Go toward what sparks your interest. Sometimes not knowing what you want to do in life can prevent you from moving forward. Not everyone has a passion that keeps them on track toward adulthood, and that’s okay. Notice what brings you joy and piques your curiosity, and explore how you might expand on and develop those interests.
Know you’re not alone. Many young adults don’t feel ready to be an adult at 21. Be compassionate with yourself. While there are some things you can change, there are also external circumstances at play that make it harder than ever before for young people to find jobs and become financially independent. While that isn’t a reason to give up and stop trying, recognizing this truth can help young adults stop blaming themselves for taking more time to launch.

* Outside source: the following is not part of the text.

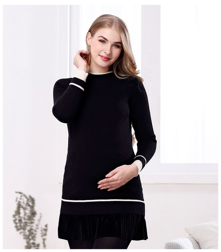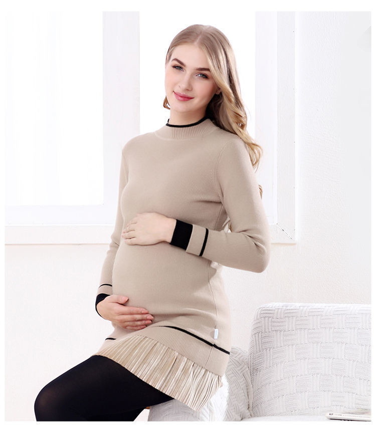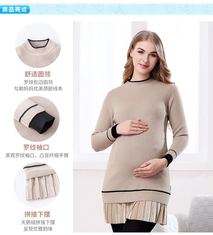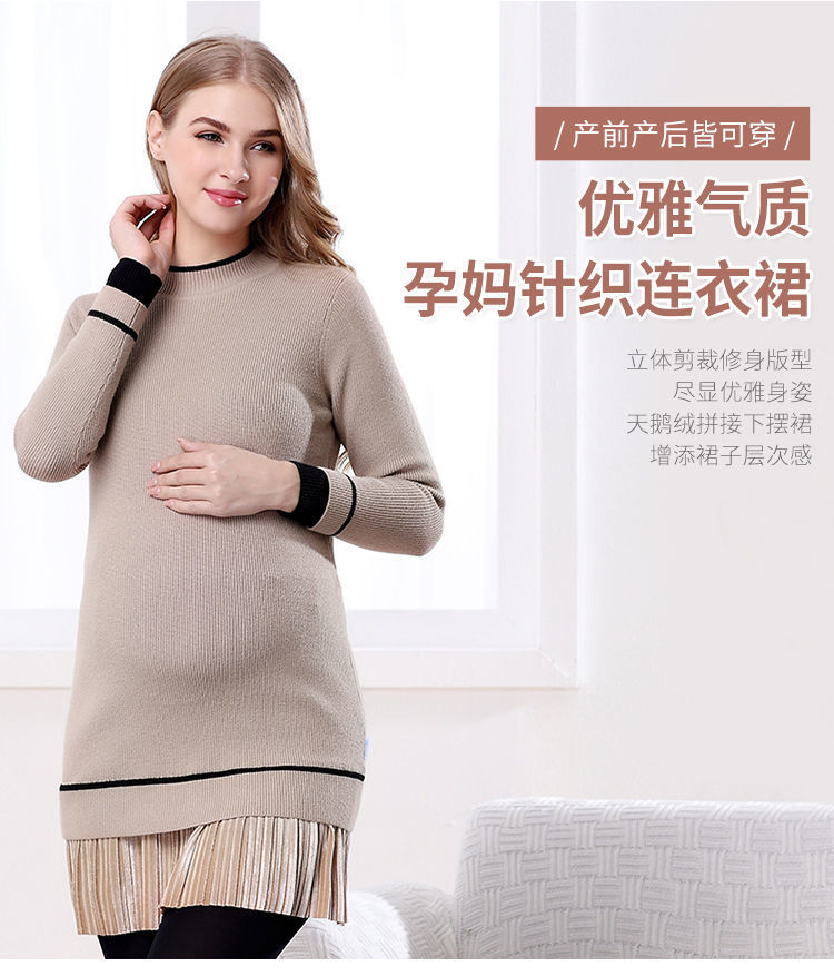 贝贝怡孕妇针织连衣裙春秋装保暖针织衫产后中长款毛衣冬季打底衫

Build community. Too often, young adults who are unemployed, not in school, and/or living at home feel embarrassed and ashamed, and that keeps them from reaching out to others—increasing their isolation and distress. It’s essential to foster community and continue developing the relationship skills that will support your growth in all areas. Start with one person you trust and feel safe with, and gradually expand your social circle. These connections will enhance your well-being and may open new doors for you when you’re ready for the next step.
Seek help for mental health issues that are holding you back. Therapy, outpatient treatment, or residential treatment can help young people overcome trauma, anxiety, depression, or co-occurring disorders, such as substance abuse, that are preventing them from achieving independence. It’s essential to address these issues now rather than hoping they’ll go away as you get older.
How to Get Ready for Adulthood: Finding the Support You Need
Do you or a loved one need help making the transition to adulthood? Newport Institute’s clinical model of care supports young adults to build autonomy and self-worth, along with the executive functioning skills and healthy coping mechanisms they need to flourish. Contact us to learn more about how we help emerging adults take the leap into the next stage of life.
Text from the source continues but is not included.